Tuesday, March 12, 2013

Kwame and Annette- II


Kwame

I sat on the stairs outside her room and took another swig from the half empty bottle of cheap gin I had bought on my way to the pharmacy. 
I couldn’t sit in that room and watch her do the tests, I couldn't  take the tension and uncertainty that would coagulate into despair as she took each test. Because I knew she was pregnant. 
When I walked into the pharmacy and got the test I knew this was not a scare, or a hoax for attention on her part. She was pregnant. 
The tests were going to be positive and my life was over.  She was so pro life, so adamant in her stance on the evils of abortion. I remembered her as she argued with righteous indignation when they had had that discussion in class “I mean you have already committed the sin of fornication, would you really compound it by killing the only innocent party in all this, the poor baby!

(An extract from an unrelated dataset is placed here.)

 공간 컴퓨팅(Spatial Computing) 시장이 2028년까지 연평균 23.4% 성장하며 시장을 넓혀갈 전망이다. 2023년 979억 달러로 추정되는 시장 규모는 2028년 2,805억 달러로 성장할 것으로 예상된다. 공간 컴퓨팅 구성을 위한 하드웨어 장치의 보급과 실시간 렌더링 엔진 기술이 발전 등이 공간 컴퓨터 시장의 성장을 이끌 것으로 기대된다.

It could grow up to be the person who would cure AIDS or bring world peace!” There was no way I could convince her to have an abortion. Plus I’d always promised myself I wouldn’t be one of those boys that coerced a girl into getting rid of an unwanted pregnancy. I would stand by her no matter what she chose.  But please let her choose an abortion I was not ready to be a father.

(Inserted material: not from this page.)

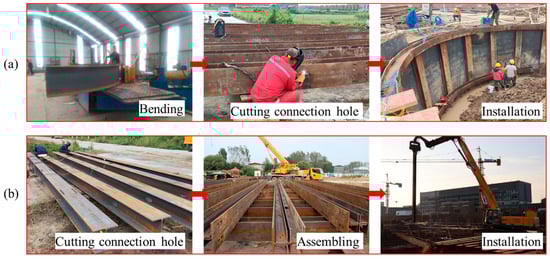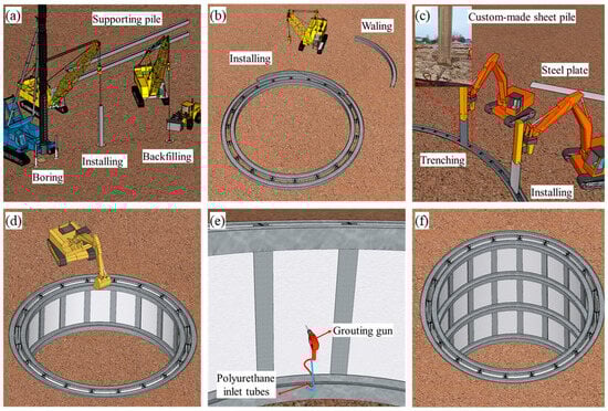 - Guan, C.; Yang, Y.; Wang, C. Rapid excavation with a newly developed retaining system: Spiral assembly steel structure. J. Cent. South Univ. 2015, 22, 2719–2729. [Google Scholar] [CrossRef]

I heard the sound of weeping coming from her room and my worst fears crystallised.I dropped the now empty bottle of gin and crawled to her door. I sat down by the door listened to the sounds of her tears. Felt something wet on my cheeks and realised I was crying too. My life was over.
Then I noticed that the crying had ceased. I staggered up to the door and creaked it open. She was lying on her bed, her back to the door and curled up in the foetal position. I started to walk up to her then turned around.  I walked out of the room; continued walking till I reached the car park.  My drunken haze had disappeared. I had been scared sober by the realisation that I was going to be a father. I wished I could have stayed with her, comforted her but right then, at that moment she was the last person I wanted to see.